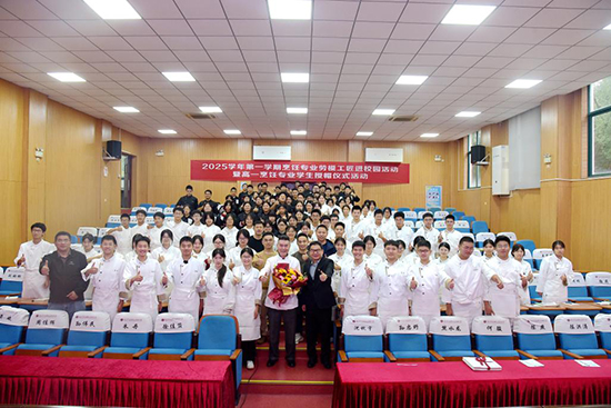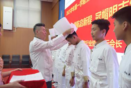 “我宣誓:擇一事、終一生,立志成為一名品德優良、技能精湛、身心健康的工匠儒廚!”在孫偉民部長的領誓下,全體新生右手握拳高舉,誓詞穿透報告廳,落在每個人的工位牌與職業裝衣襟上。從此,這頂白帽不再是簡單的服飾,而是系圍裙、握炒勺時的“初心徽章”,是踐行“命由心造,德自行為”的責任象征。
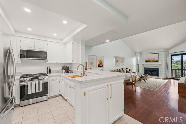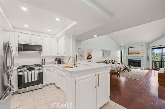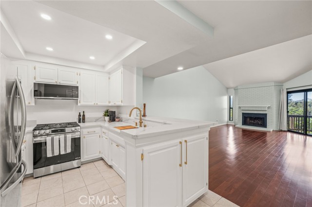 Step into this spacious, sun-drenched top-floor unit in the sought-after Villas Del Rey community—walking distance to the beach! Enjoy dramatic vaulted ceilings, a cozy fireplace, and a generous west-facing balcony with peaceful treetop views. The remodeled kitchen features stainless steel appliances, recessed lighting, and tile flooring. Wood floors run throughout the rest of the unit, adding warmth and continuity. The expansive primary suite offers a walk-in closet and a large soaking tub—perfect for unwinding. Additional perks include in-unit laundry, two assigned parking spaces, guest parking, and a private storage area. Villas Del Rey delivers resort-style amenities: pool, spa, gym, tennis courts, and clubhouse—all in the heart of Silicon Beach.
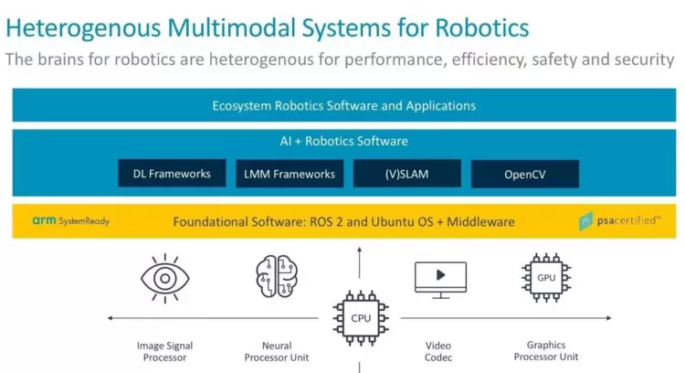 当扩展到机器人软件堆栈时,操作系统层可能还需要一个能够可靠处理时间关键型任务的实时操作系统(RTOS),以及针对机器人定制的Linux发行版,如ROS,它可以提供专为异构计算集群设计的服务。我们相信,SystemReady和PSA Certified等由Arm发起的标准和认证计划将帮助扩大机器人软件的开发规模。SystemReady旨在确保标准的Rich OS发行版能够在各类基于Arm架构的系统级芯片(SoC)上运行,而PSA Certified有助于简化安全实现方案,以满足区域安全和监管法规对互联设备的要求。
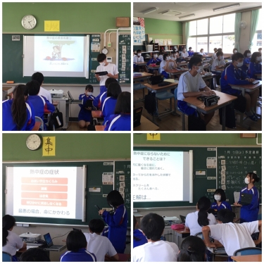 続いて、熱中症対策について、各教室で保健委員さんによるミニ健康教室が行われました。スライドショーを使い、熱中症にならないために、睡眠や朝食の大切さをわかりやすく解説してくれていました。皆さん、上手にプレゼンできていましたよ。すばらしい!
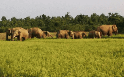 कञ्चनपुर, १० असोज । शुक्लाफाँटा नगरपालिका–५ का दुई बस्तीमा जङगली हात्तीले पाक्नै लागेको धानबाली खान
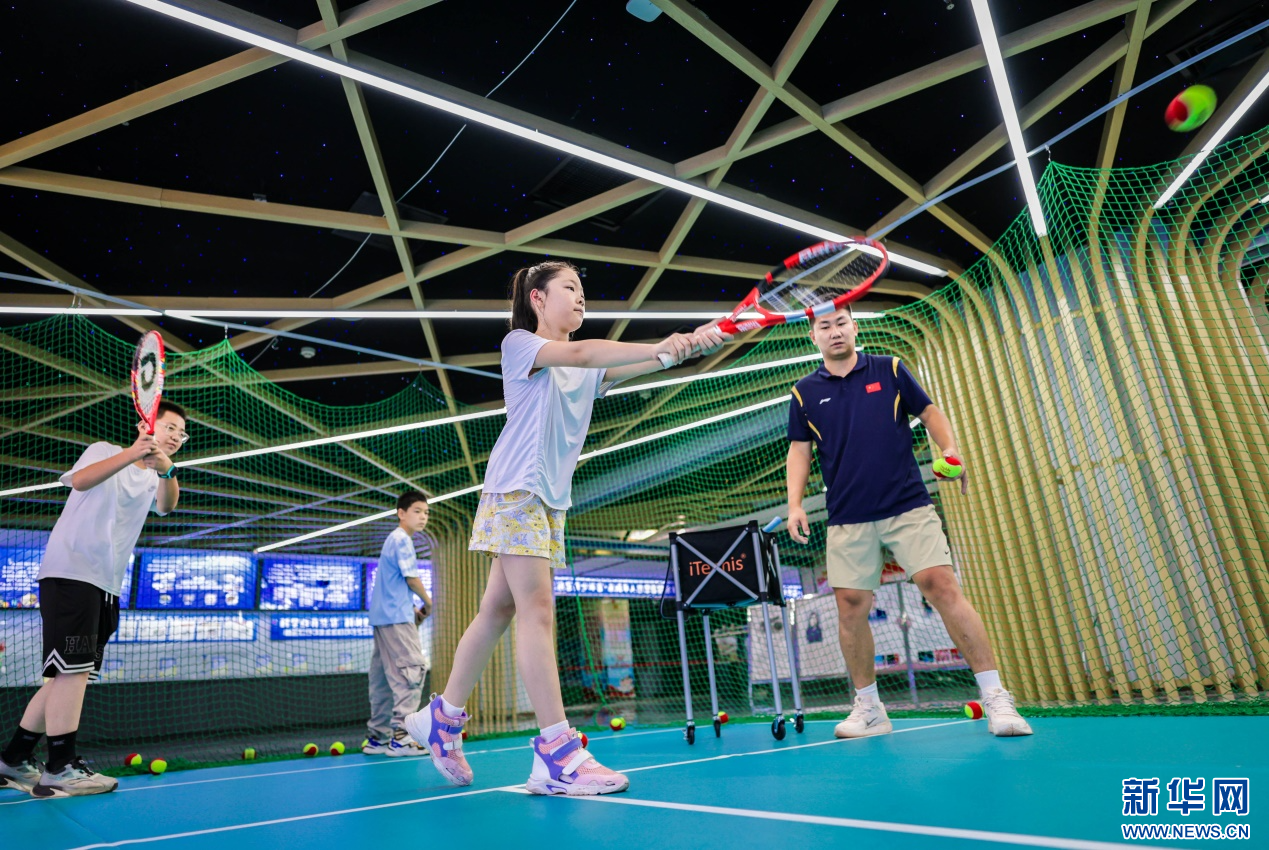 7月20日,孩子们在内蒙古呼和浩特市玉泉区青少年宫参加网球训练。新华网发(丁根厚 摄)
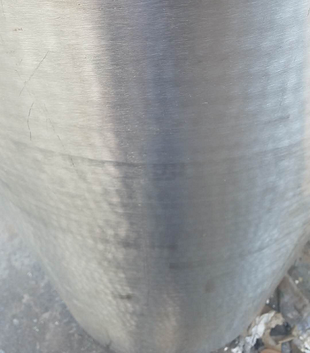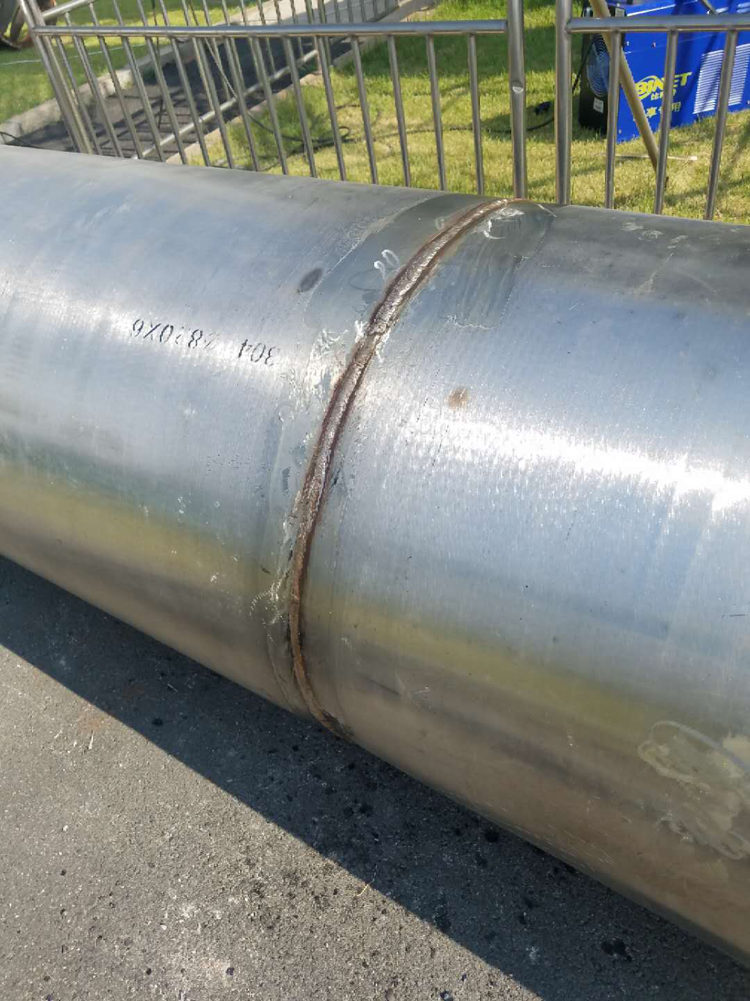 煙囪主管焊接好后對焊口用不銹鋼酸洗膏進行酸洗鈍化處理,由于不銹鋼酸洗膏的主要是硝酸、硫酸、磷酸、氫氟酸等多種酸的混合物作為腐蝕氧化層的主要成分,能夠去掉焊口焊渣的黑色物質(zhì),讓焊口光亮如新,且在焊口位置根據(jù)不銹鋼的抗腐蝕陛性能能發(fā)生鈍化反應(yīng),形成一層極薄的(約1nm)致密的保護膜保護焊口,使得焊口更美觀并提高耐腐蝕性能
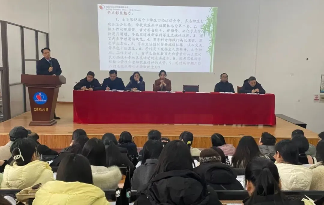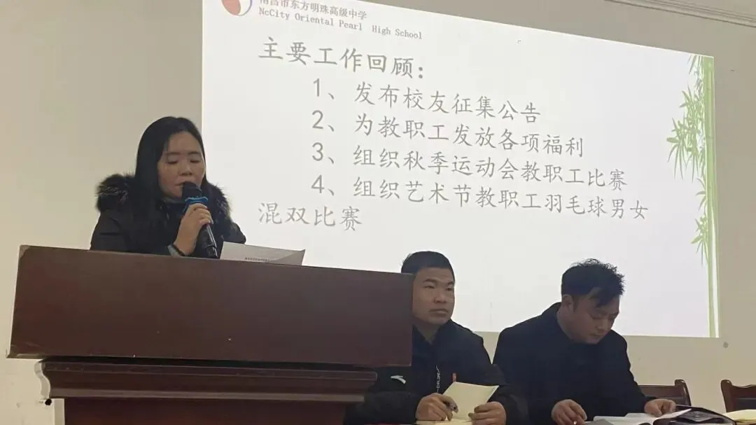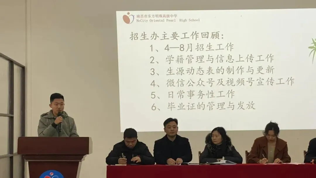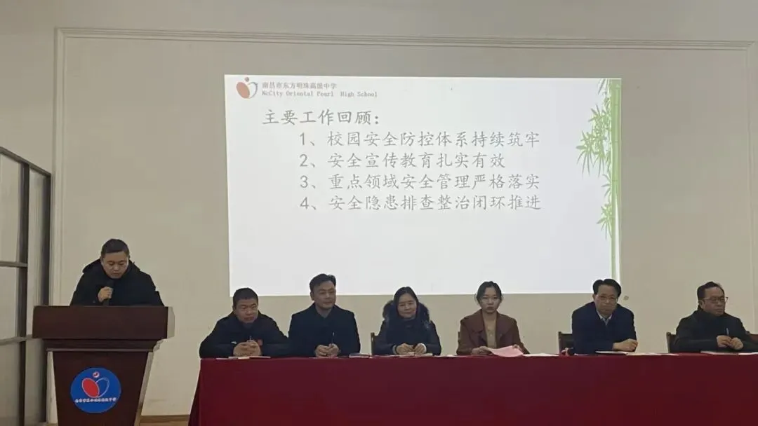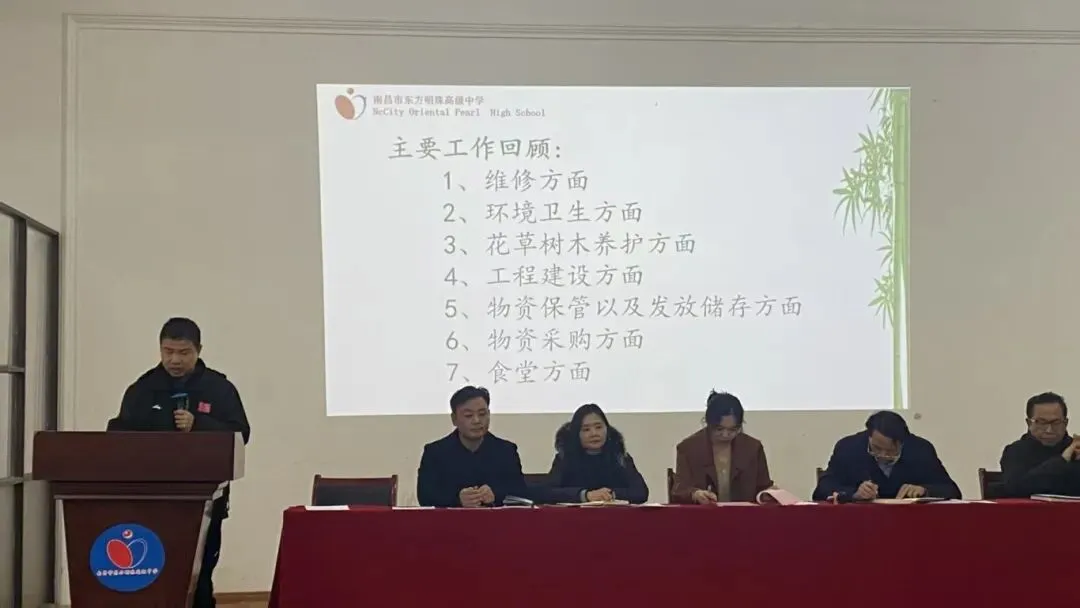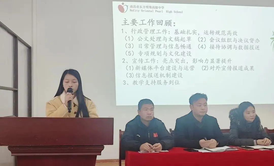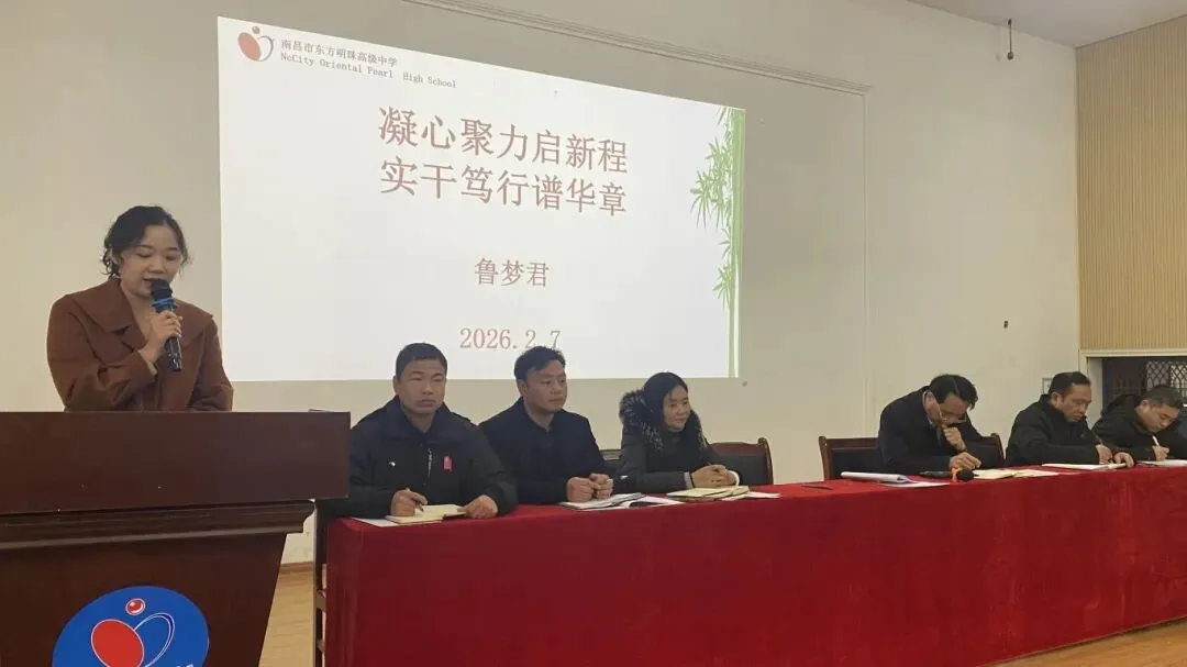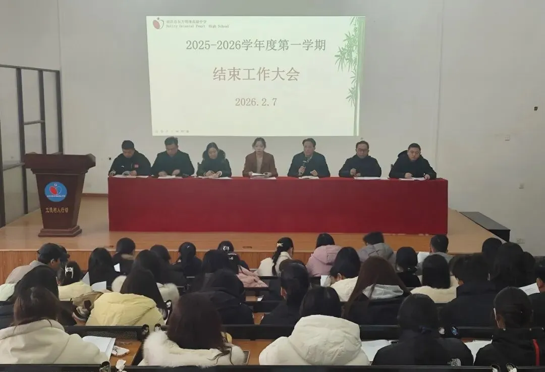 2月7日下午,南昌市东方明珠高级中学在阶梯教室隆重召开2025—2026学年度第一学期结束工作会议,总结和复盘上学期工作,部署下学期教育教学任务,动员广大教师凝聚奋进力量,实干笃行,坚守质量立校初心、彰显特色兴校担当、筑牢体艺强校根基、擦亮“东方明珠”名片,以万马奔腾之势喜迎马年新征程,奋力谱写明珠教育事业崭新华章。校党支部书记鲁梦君讲话,副校长谢才有主持会议。
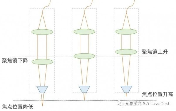 一般大家采用最簡單的做法就是隻通過改變切割頭的高度位置來獲得理想的焦點位置,比如將切割頭整體(ti) 下降,焦點位置就降低,將切割頭整體(ti) 上升,焦點位置就升高,如下圖所示。
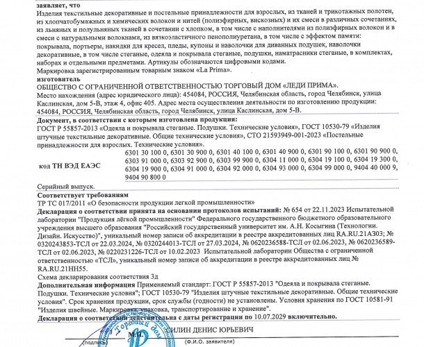 и детали заказа комплекта постельного белья с нестандартным размером.
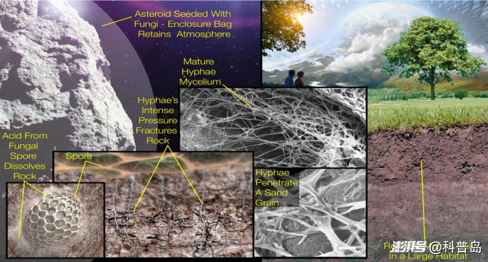 通過(guò)在小行星上播種真菌來(lái)制作太空棲息地土壤的方法(圖片來(lái)源:NASA)
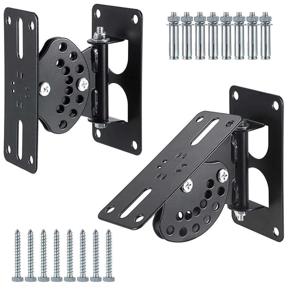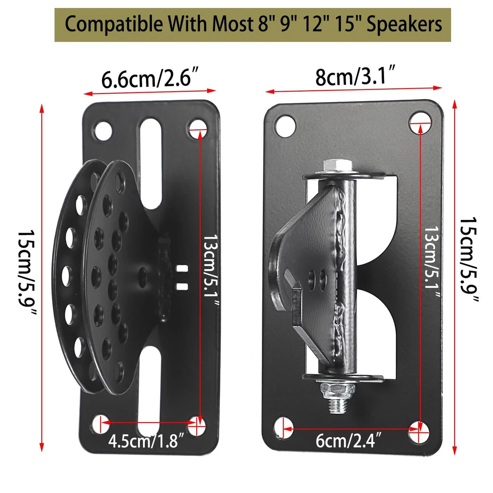 The swivel mounting brackets for speaker can be tilted up and down by 90°, and the swivel angle can be adjusted 180°. The speaker bracket's tilt angle can be quickly and easily adjusted for surround sound replication and ensure safety and optimal performance. Please tighten the screws after adjustment. This wall mount speaker stand bracket is made of solid steel, securely attach any HiFi or home cinema speaker up to 90 pounds in weight to a wall or ceiling. The mounting holes of this loudspeaker bracket compatibility with almost any 8", 10", 12", 15" make of speaker, ideal for home theater, stage, recording studio. Package come with a pair of wall sound box brackets and 2 different type screws for Concrete & Wooden Wall. Please be advised our screws are not suitable for all walls, ff necessary, please purchase screws that are suitable for your wall or ceilling. Please double check that the size and appearance match your speaker before purchasing. Any question please feel free to us.

__TASK GOAL__
The reply must consist of the records, repeated exactly, minus any images.

__EXPECTED ANSWER__
 “我宣誓:擇一事、終一生,立志成為一名品德優良、技能精湛、身心健康的工匠儒廚!”在孫偉民部長的領誓下,全體新生右手握拳高舉,誓詞穿透報告廳,落在每個人的工位牌與職業裝衣襟上。從此,這頂白帽不再是簡單的服飾,而是系圍裙、握炒勺時的“初心徽章”,是踐行“命由心造,德自行為”的責任象征。
 Step into this spacious, sun-drenched top-floor unit in the sought-after Villas Del Rey community—walking distance to the beach! Enjoy dramatic vaulted ceilings, a cozy fireplace, and a generous west-facing balcony with peaceful treetop views. The remodeled kitchen features stainless steel appliances, recessed lighting, and tile flooring. Wood floors run throughout the rest of the unit, adding warmth and continuity. The expansive primary suite offers a walk-in closet and a large soaking tub—perfect for unwinding. Additional perks include in-unit laundry, two assigned parking spaces, guest parking, and a private storage area. Villas Del Rey delivers resort-style amenities: pool, spa, gym, tennis courts, and clubhouse—all in the heart of Silicon Beach.
 当扩展到机器人软件堆栈时,操作系统层可能还需要一个能够可靠处理时间关键型任务的实时操作系统(RTOS),以及针对机器人定制的Linux发行版,如ROS,它可以提供专为异构计算集群设计的服务。我们相信,SystemReady和PSA Certified等由Arm发起的标准和认证计划将帮助扩大机器人软件的开发规模。SystemReady旨在确保标准的Rich OS发行版能够在各类基于Arm架构的系统级芯片(SoC)上运行,而PSA Certified有助于简化安全实现方案,以满足区域安全和监管法规对互联设备的要求。
 続いて、熱中症対策について、各教室で保健委員さんによるミニ健康教室が行われました。スライドショーを使い、熱中症にならないために、睡眠や朝食の大切さをわかりやすく解説してくれていました。皆さん、上手にプレゼンできていましたよ。すばらしい!
 कञ्चनपुर, १० असोज । शुक्लाफाँटा नगरपालिका–५ का दुई बस्तीमा जङगली हात्तीले पाक्नै लागेको धानबाली खान
 7月20日,孩子们在内蒙古呼和浩特市玉泉区青少年宫参加网球训练。新华网发(丁根厚 摄)
 煙囪主管焊接好后對焊口用不銹鋼酸洗膏進行酸洗鈍化處理,由于不銹鋼酸洗膏的主要是硝酸、硫酸、磷酸、氫氟酸等多種酸的混合物作為腐蝕氧化層的主要成分,能夠去掉焊口焊渣的黑色物質(zhì),讓焊口光亮如新,且在焊口位置根據(jù)不銹鋼的抗腐蝕陛性能能發(fā)生鈍化反應(yīng),形成一層極薄的(約1nm)致密的保護膜保護焊口,使得焊口更美觀并提高耐腐蝕性能
 2月7日下午,南昌市东方明珠高级中学在阶梯教室隆重召开2025—2026学年度第一学期结束工作会议,总结和复盘上学期工作,部署下学期教育教学任务,动员广大教师凝聚奋进力量,实干笃行,坚守质量立校初心、彰显特色兴校担当、筑牢体艺强校根基、擦亮“东方明珠”名片,以万马奔腾之势喜迎马年新征程,奋力谱写明珠教育事业崭新华章。校党支部书记鲁梦君讲话,副校长谢才有主持会议。
 一般大家采用最簡單的做法就是隻通過改變切割頭的高度位置來獲得理想的焦點位置,比如將切割頭整體(ti) 下降,焦點位置就降低,將切割頭整體(ti) 上升,焦點位置就升高,如下圖所示。
 и детали заказа комплекта постельного белья с нестандартным размером.
 通過(guò)在小行星上播種真菌來(lái)制作太空棲息地土壤的方法(圖片來(lái)源:NASA)
 The swivel mounting brackets for speaker can be tilted up and down by 90°, and the swivel angle can be adjusted 180°. The speaker bracket's tilt angle can be quickly and easily adjusted for surround sound replication and ensure safety and optimal performance. Please tighten the screws after adjustment. This wall mount speaker stand bracket is made of solid steel, securely attach any HiFi or home cinema speaker up to 90 pounds in weight to a wall or ceiling. The mounting holes of this loudspeaker bracket compatibility with almost any 8", 10", 12", 15" make of speaker, ideal for home theater, stage, recording studio. Package come with a pair of wall sound box brackets and 2 different type screws for Concrete & Wooden Wall. Please be advised our screws are not suitable for all walls, ff necessary, please purchase screws that are suitable for your wall or ceilling. Please double check that the size and appearance match your speaker before purchasing. Any question please feel free to us.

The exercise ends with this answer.